2005.03.08

 

The Battle between Archivists and Publishers

by Karel Thönissen

Yesterday I had a discussion with Peter Walgemoed of Carelliance about archiving and the different requirements of archivists and publishers. Both groups are proponents of storing the information that is produced in institutions, but for very different reasons.

Archivists want to store the original documents that were produced by the organisation so that the documents can be retrieved in the future and be used for historic research. For example, archives are used for proving a legal position, for scientific research of cases, or for historic research in the narrower sense. For this to be possible, they have learnt that it is important to keep originals or copies that contain as much information of the originals as possible. Digital copies are accepted and introduced, (exaggerating) for no other reason than the reduction of size. Given the purpose of a traditional archive, archivists would really love to keep everything and not make selections. Historically, this was prevented by the costs of physical storage, but the digital revolution has changed all that. Sure, digital archives add other advantages such as speed of retrieval and sometimes advanced searching, but these are less important given the goals of archiving: keeping documents for our descendants. Given the time scale, speed of retrieval is a lesser issue.
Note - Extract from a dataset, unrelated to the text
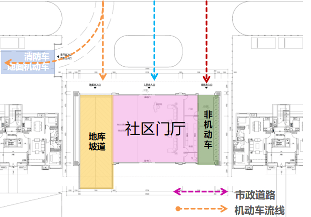 主入口承接主要出入动线,满足人行、非机动车、机动车三分离,真正实现人车分流,归家通道安心舒心,安全感便利性十足。

Understanding this goal of archiving, it should not come as a surprise that the favourite document format is a bitmapped copy of the document using a lossless compression algorithm, or preferably, no compression at all. The problem with other document formats and compression algorithms is that it cannot be guaranteed that the software and machinery needed to view the document will still be around and operable in >10 years from now. Compressed bitmaps are the best guarantee in this respect. Using uncompressed bitmaps reduces preservation to a much simpler problem: make sure that the bits do not deteriorate and always keep the documents on a current medium. It is a simple problem of controlled copying.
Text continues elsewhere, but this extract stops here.